### Source material ###

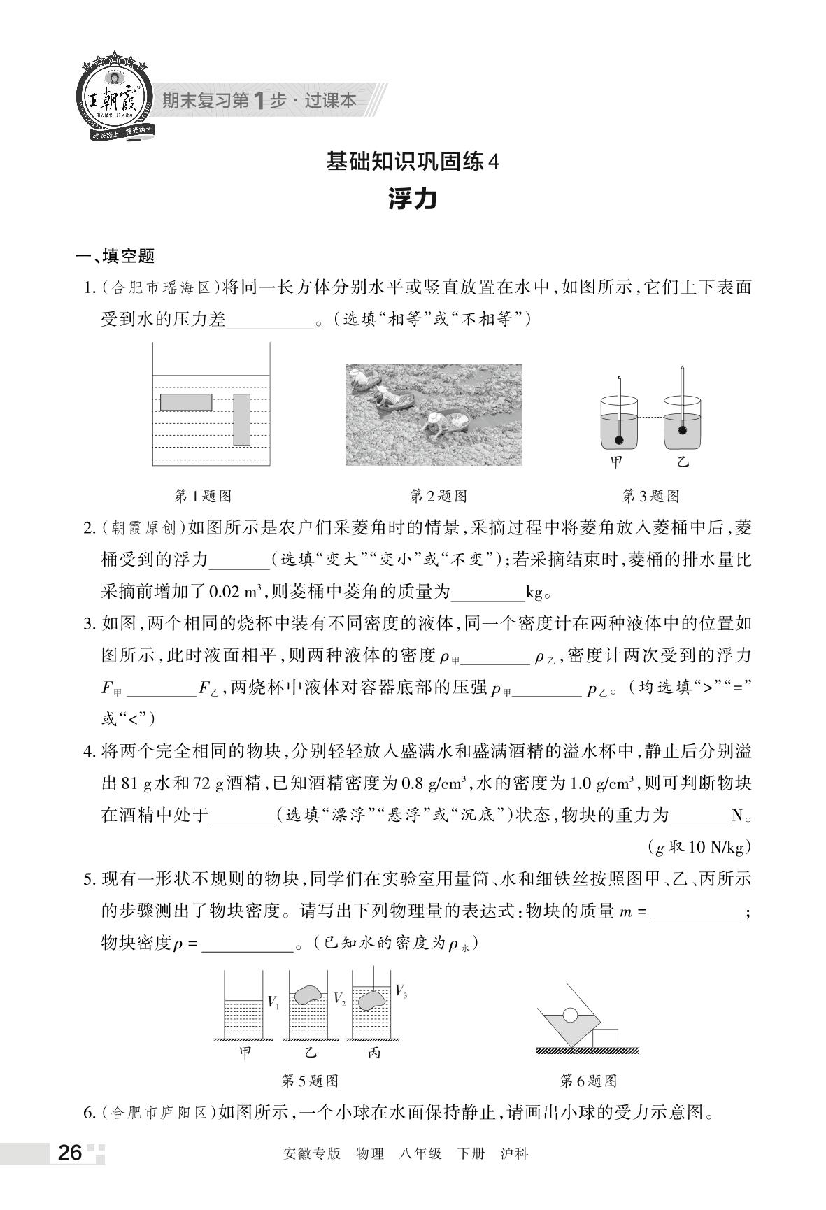 王朝霞期末过课本——基础知识巩固练4 浮力八年级下册物理(沪科版)
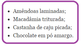 • 175 gramas de chocolate amargo (com 70% de cacau);
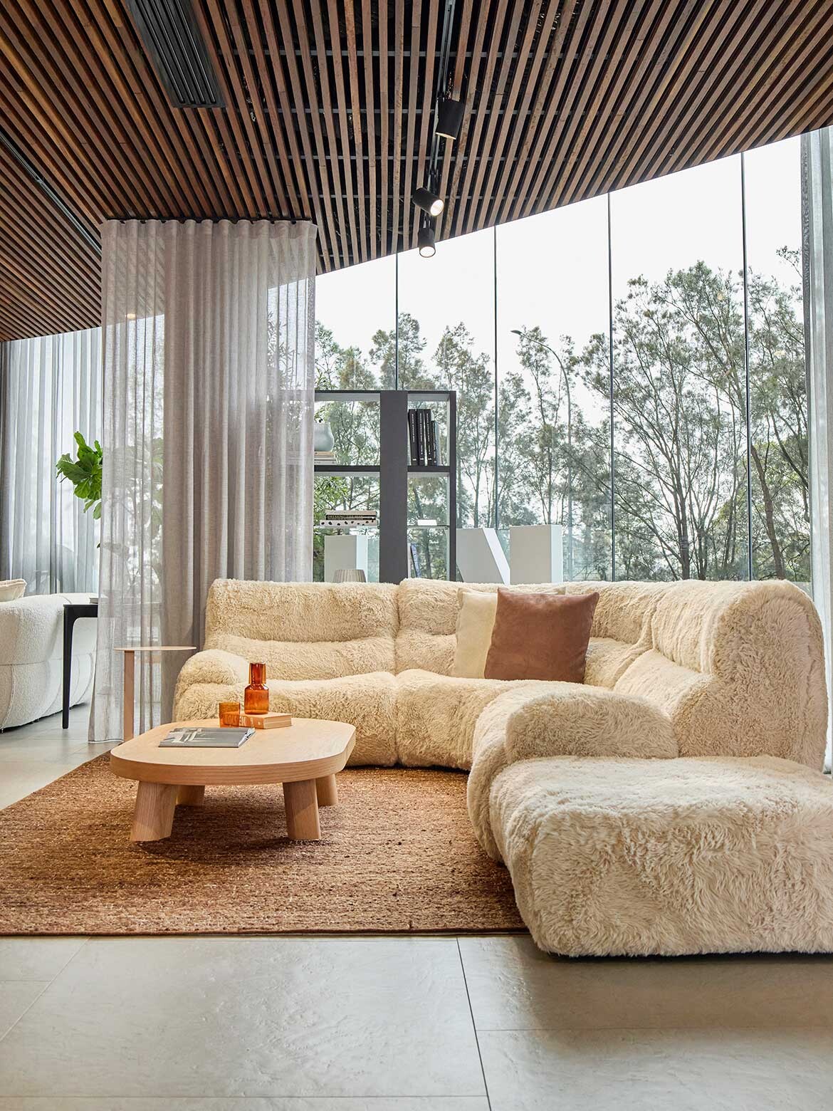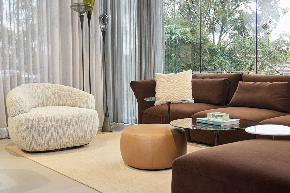 The Hub’s resource centre is comprehensive, replete with a library of more than 200 exclusive fabrics and leathers, alongside premium finishes such as Italian marble and signature timber stains. A curated edit of textiles from renowned houses – including James Dunlop, Mokum, Elliott Clarke, Kvadrat and Maharam – is also showcased on King Living pieces within a dedicated display zone, creating an immersive experience that allows materials and forms to be appreciated in context.
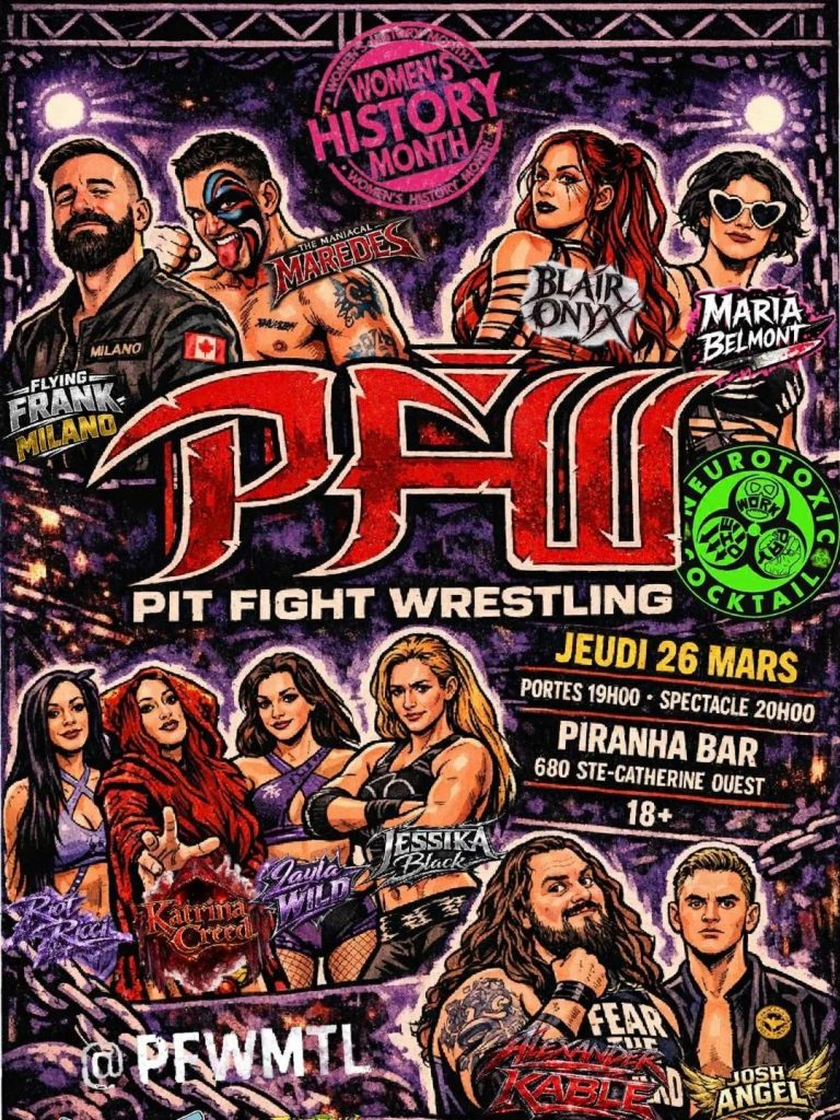 Jeudi le 26 mars, Jonathan Divertissement s’est rendu au Bar Piranha pour assister au deuxième spectacle présenté par la Pit Fight Wrestling. Ce fut, encore une fois, une soirée aussi brutale que divertissante!
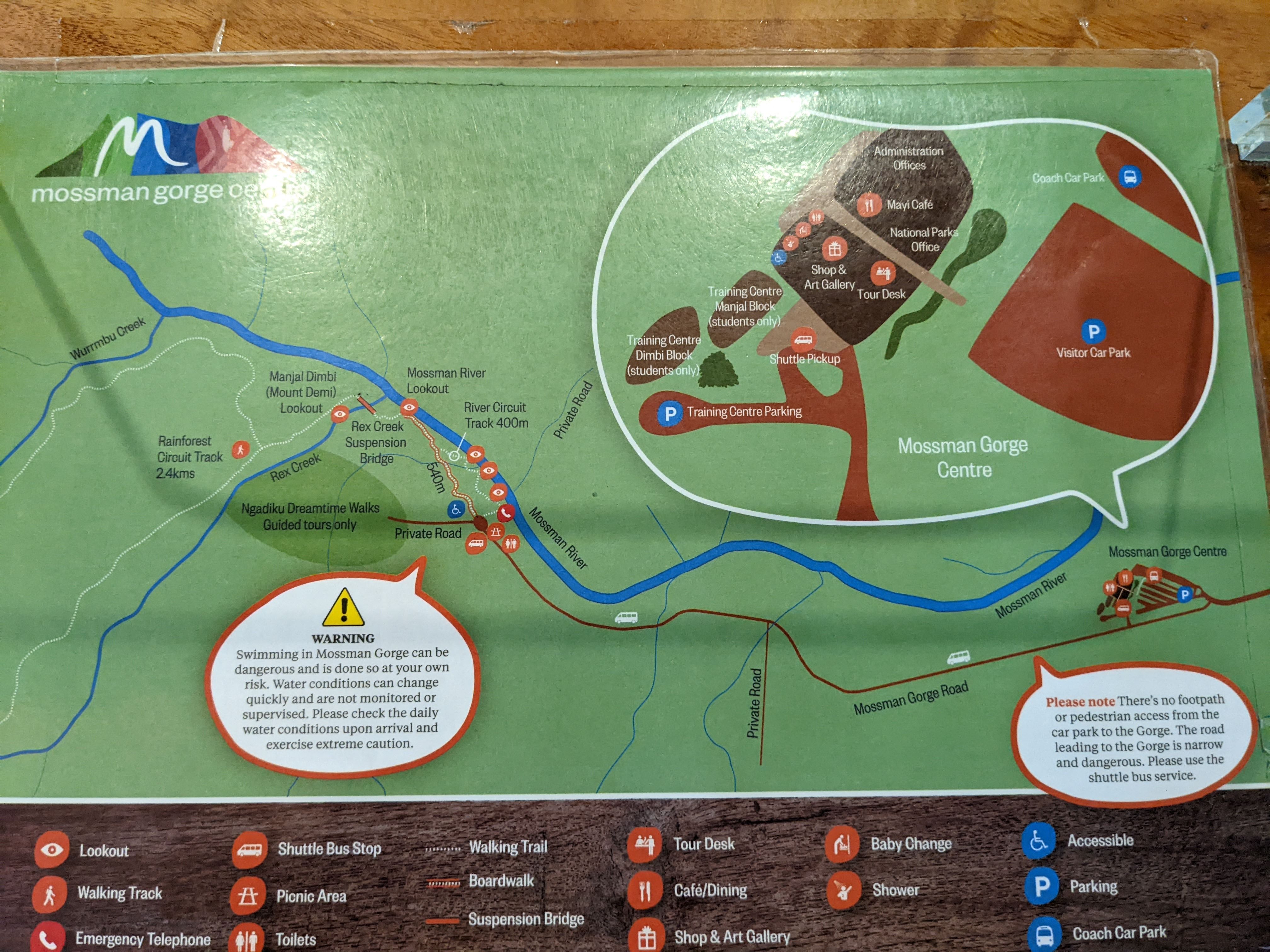 The Mossman Gorge circuit track offers a lovely way to experience the rainforest. The track is well maintained, and fine to do without a guide. This map of the area shows the car park on the right. From the car park, we caught the shuttle bus to the start of the trail:
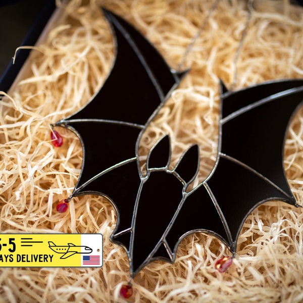 Bat Stained Glass Witchy Stained Glass Bat Suncatcher Goth Etsy
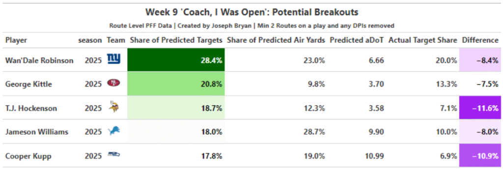 These are players who were open far more often than they were targeted in Week 8. Historically, players who appear on this list tend to see an increase in both target rate and target share in the weeks that follow, relative to their own prior usage and to other players with comparable roles.

###

What you will do: Retype all the records shown above, character for character. Omit every picture.

Response:
 王朝霞期末过课本——基础知识巩固练4 浮力八年级下册物理(沪科版)
 • 175 gramas de chocolate amargo (com 70% de cacau);
 The Hub’s resource centre is comprehensive, replete with a library of more than 200 exclusive fabrics and leathers, alongside premium finishes such as Italian marble and signature timber stains. A curated edit of textiles from renowned houses – including James Dunlop, Mokum, Elliott Clarke, Kvadrat and Maharam – is also showcased on King Living pieces within a dedicated display zone, creating an immersive experience that allows materials and forms to be appreciated in context.
 Jeudi le 26 mars, Jonathan Divertissement s’est rendu au Bar Piranha pour assister au deuxième spectacle présenté par la Pit Fight Wrestling. Ce fut, encore une fois, une soirée aussi brutale que divertissante!
 The Mossman Gorge circuit track offers a lovely way to experience the rainforest. The track is well maintained, and fine to do without a guide. This map of the area shows the car park on the right. From the car park, we caught the shuttle bus to the start of the trail:
 Bat Stained Glass Witchy Stained Glass Bat Suncatcher Goth Etsy
 These are players who were open far more often than they were targeted in Week 8. Historically, players who appear on this list tend to see an increase in both target rate and target share in the weeks that follow, relative to their own prior usage and to other players with comparable roles.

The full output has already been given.